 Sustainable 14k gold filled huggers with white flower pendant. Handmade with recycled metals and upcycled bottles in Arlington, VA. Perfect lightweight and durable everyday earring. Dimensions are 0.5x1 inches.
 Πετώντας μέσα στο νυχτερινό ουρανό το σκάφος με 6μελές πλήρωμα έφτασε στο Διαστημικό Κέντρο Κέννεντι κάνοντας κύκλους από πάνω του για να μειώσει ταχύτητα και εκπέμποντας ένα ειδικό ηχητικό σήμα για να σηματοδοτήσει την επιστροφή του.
::::
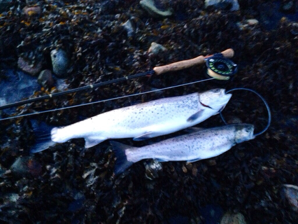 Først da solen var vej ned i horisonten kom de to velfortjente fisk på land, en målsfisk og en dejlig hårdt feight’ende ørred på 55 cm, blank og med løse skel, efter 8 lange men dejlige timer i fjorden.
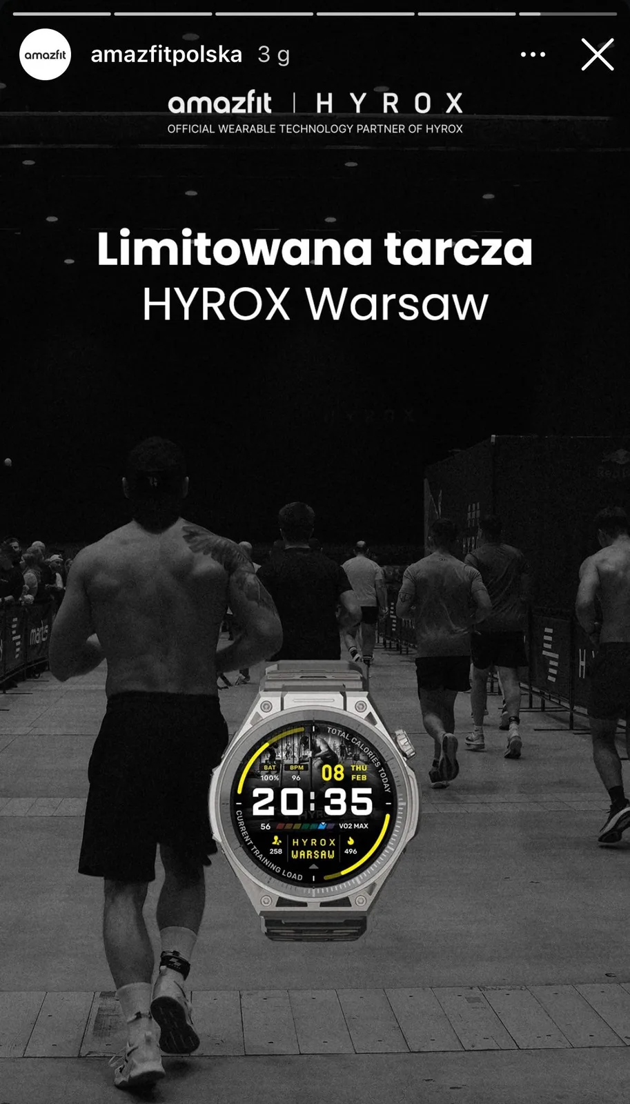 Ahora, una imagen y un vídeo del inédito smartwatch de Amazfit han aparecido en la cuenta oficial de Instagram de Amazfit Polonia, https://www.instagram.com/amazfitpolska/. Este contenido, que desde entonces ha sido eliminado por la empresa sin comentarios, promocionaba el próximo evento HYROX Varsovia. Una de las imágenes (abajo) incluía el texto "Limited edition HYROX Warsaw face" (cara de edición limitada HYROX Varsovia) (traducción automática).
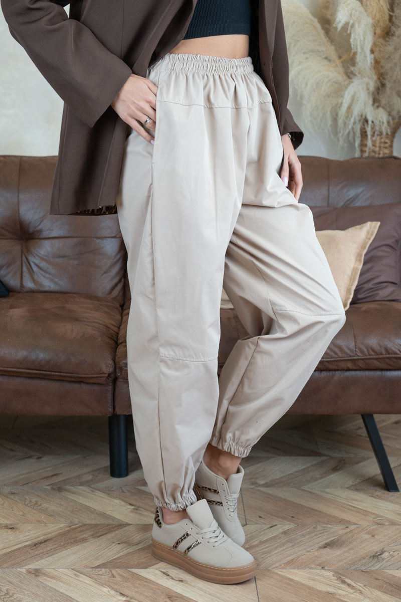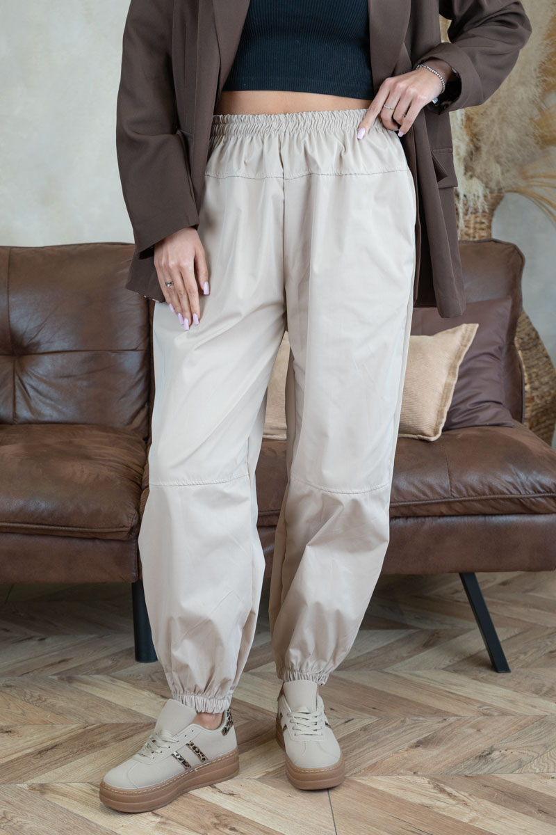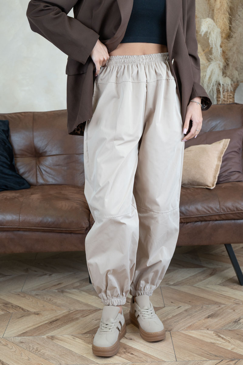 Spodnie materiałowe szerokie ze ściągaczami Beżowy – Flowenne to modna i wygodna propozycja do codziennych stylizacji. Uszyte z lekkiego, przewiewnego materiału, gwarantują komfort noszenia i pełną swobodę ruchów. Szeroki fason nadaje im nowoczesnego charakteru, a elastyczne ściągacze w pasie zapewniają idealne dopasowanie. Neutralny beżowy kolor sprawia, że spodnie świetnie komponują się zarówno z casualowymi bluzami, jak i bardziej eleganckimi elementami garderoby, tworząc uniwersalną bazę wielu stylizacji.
::::
Exercise brief: Find where the line with "Først da solen" sits in the material above and where the line with "Ahora, una imagen" sits. Set down exactly the lines from the first to the second, both included and nothing else, without pictures.

Output of the task:
 Først da solen var vej ned i horisonten kom de to velfortjente fisk på land, en målsfisk og en dejlig hårdt feight’ende ørred på 55 cm, blank og med løse skel, efter 8 lange men dejlige timer i fjorden.
 Ahora, una imagen y un vídeo del inédito smartwatch de Amazfit han aparecido en la cuenta oficial de Instagram de Amazfit Polonia, https://www.instagram.com/amazfitpolska/. Este contenido, que desde entonces ha sido eliminado por la empresa sin comentarios, promocionaba el próximo evento HYROX Varsovia. Una de las imágenes (abajo) incluía el texto "Limited edition HYROX Warsaw face" (cara de edición limitada HYROX Varsovia) (traducción automática).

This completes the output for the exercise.